I completely agree with you. I think the ESRAM will be used as somewhat of a software controlled cache (kind of like an L3 equivalent).
According to vgleaks, for the latency for, CPU a L1 miss is around 17 cycles and, L2 miss is around 144-160 cycles. For the GPU since it's running half the clock, that will be half that. So basically if the GPU runs out of memory and blows through both caches, you stall for 80 or so cycles to get data from the DDR3.
Acert on Beyond3d mentioned that he heard the SRAM latency is around 16-20 cycles. If true, that's 4-5x faster latency than DDR3 and will definitely reduce the number of stalls in cases where the L2 cannot be prefetched.
My theory is that this design is driven for tile based rendering where the main DDR3 ram will act mainly like a read-only buffer for the inputs (Textures, vertices, etc) and write only for the final rendered tile.
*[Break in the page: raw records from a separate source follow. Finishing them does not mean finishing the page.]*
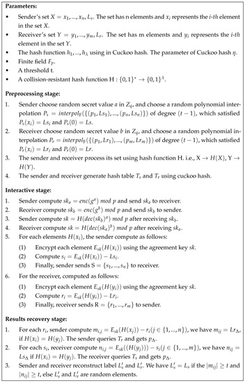 Given two sets and , generates secret sharing and for and . Then, the F algorithm inputs the set M and N, which is the encrypted set by the key generated by the algorithm, and outputs the sets R and S. Finally, R and S are input into the algorithm, and the output is OR ⊥. The details of the four algorithms are as follows.
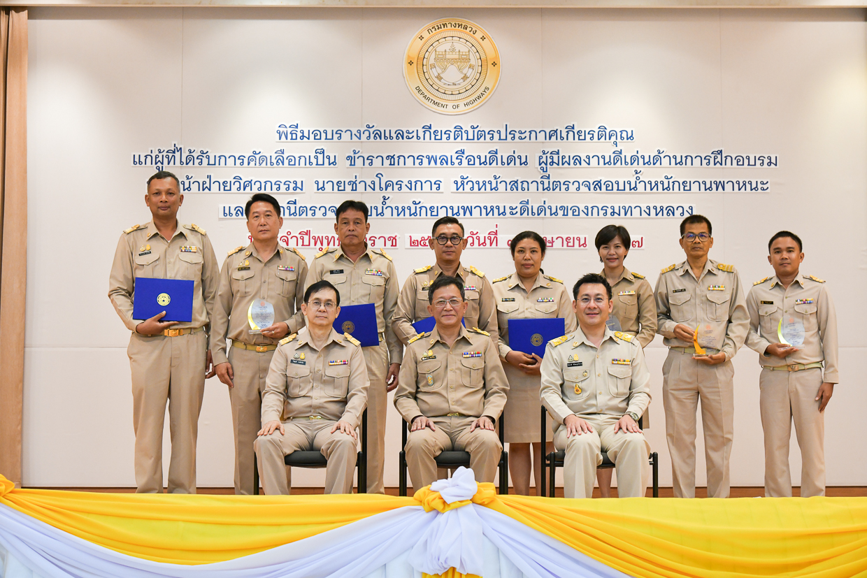 แขวงทางหลวงหนองบัวลำภู ขอแสดงความยินดีกับข้าราชการพลเรือนดีเด่น และผู้มีผลงานดีเด่นด้านการฝึกอบรม หัวหน้าฝ่ายวิศวกรรม นายช่างโครงการ หัวหน้าสถานีตรวจสอบน้ำหนักยานพาหนะ และสถานีตรวจสอบน้ำหนักยานพาหนะดีเด่น ของกรมทางหลวง ประจำปี พ.ศ. 2566 ในวันที่ 3 เมษายน 2567 นายสราวุธ ทรงศิวิไล อธิบดีกรมทางหลวง ได้เป็นประธานในพิธีมอบรางวัลและเกียรติบัตรประกาศเกียรติคุณ ข้าราชการพลเรือนดีเด่น และผู้มีผลงานดีเด่นด้านการฝึกอบรม หัวหน้าฝ่ายวิศวกรรม นายช่างโครงการ หัวหน้าสถานีตรวจสอบน้ำหนักยานพาหนะ และสถานีตรวจสอบน้ำหนักยานพาหนะดีเด่น ของกรมทางหลวง ประจำปี พ.ศ. 2566 เนื่องในโอกาสวันคล้ายวันสถาปนากรมทางหลวง ปีที่ 112
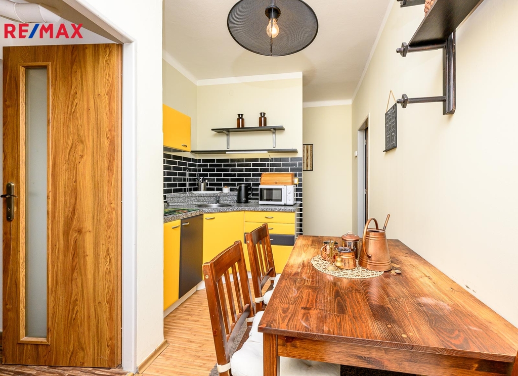 Bytová jednotka má výměru 35 m2. K bytu náleží ještě polovina patrové kůlny za domem. Celková užitná plocha je tak 48 m2.
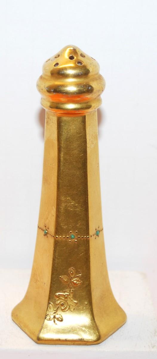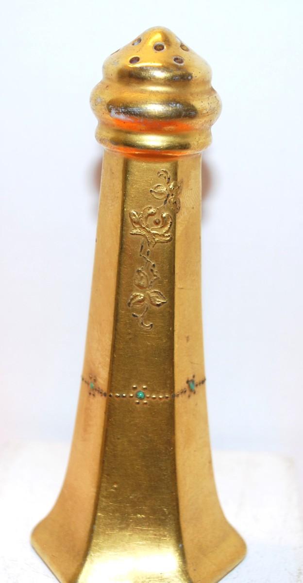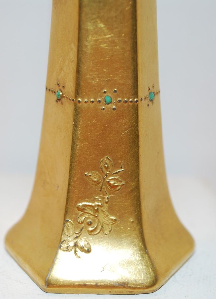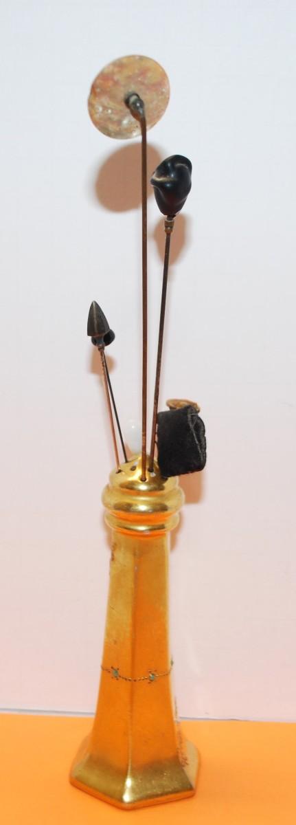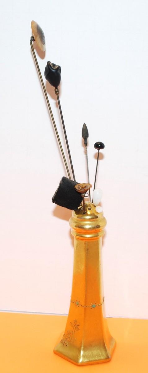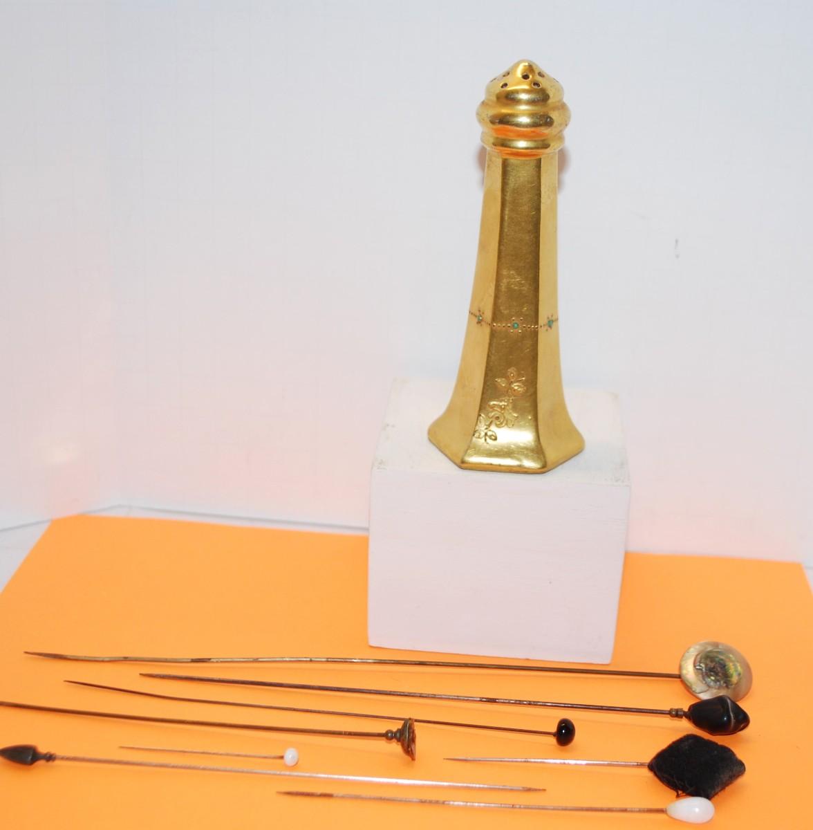 Vintage Gently Embossed Hatpin Holder (5" H) with Jade-Like Accent Stones and 8 Hat Pins 2"-9 " L

If the tiles are sized appropriately, then I think all the intermediate data should stay in the SRAM and not need to be written back to main memory. The move engines are then used for all the tile data prefetch form main DDR and the final write to DDR. You could have a triple buffered scheme, where you're moving data for the next tile into the SRAM, processing the current tile, and writing out the previously processed tiled back to main memory all in parallel. That way all the data movement is hidden and the GPU can just process continually.
In the 360's the ROP's were in the EDRAM die. From the leaked specs and what supposed insiders have mentioned, the ROPs on Durango are not on the EDRAM so there is no internal bandwidth.